We arrived in the village as winter was approaching. I remember a wonderful fur coat that Baba wore. Against the bitter, bone-chilling cold of Afghanistan, that fur coat was the only defense he had. He was the only man I had ever seen in a fur coat; he had inherited it from his father, who had inherited it from his father, and so on, so that no one remembered the original owner. It was gold and cream-colored, probably sheep shearling. I could pet his arm for hours, it was so wonderfully soft. In the evening, after he’d spent the day teaching the boys, he would call Najiba and me, open his coat wide, and let us crawl into his warm embrace. He told us stories. He asked after our day. He teased us. Two little girls receiving the love and undivided attention of the most respected man in the village was unheard-of in Pashtun culture.

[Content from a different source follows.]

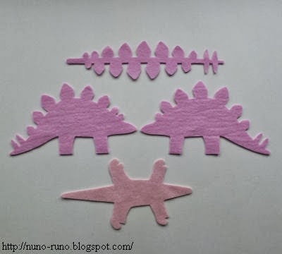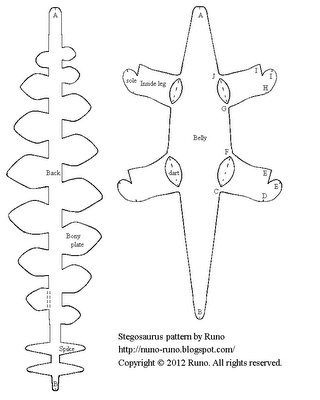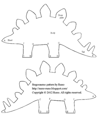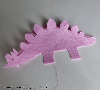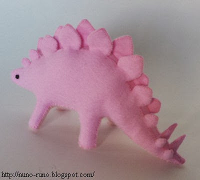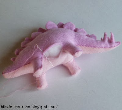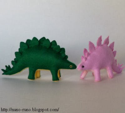Fije los ojos y terminado.Estegosaurio Verde, ( hecho igual,con diferente color de tela).
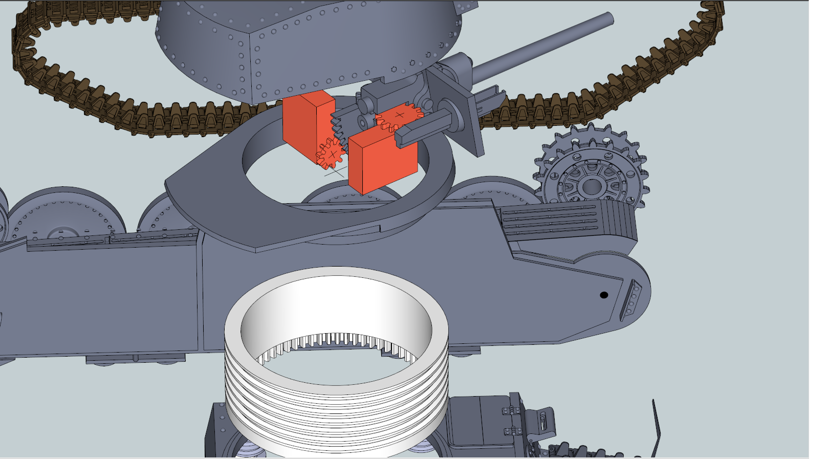čo sa týka motorov a prevodov - bežné RC tanky majú motory zhruba od 8500 - 22000 otáčok a prevodovky 3:1 po 5:1.môj tank má vďaka velkej hmotnosti a ploche pásu až priam nečakane velké nároky na výkon prevodoviek.

At best, Pashtun parenting can be described as benign neglect. Children are largely ignored until it’s time for them to do something for their parents. A son is barely spoken to until he reaches the age of fifteen and is told to go to Saudi Arabia or some other Gulf country to get a job and make some money. A daughter receives less attention than the cow in the yard, which at least needs to be milked every morning; then one day, when she’s thirteen or fourteen, she’s told that she’s going to marry somebody on Friday. Her opinion in the matter is irrelevant.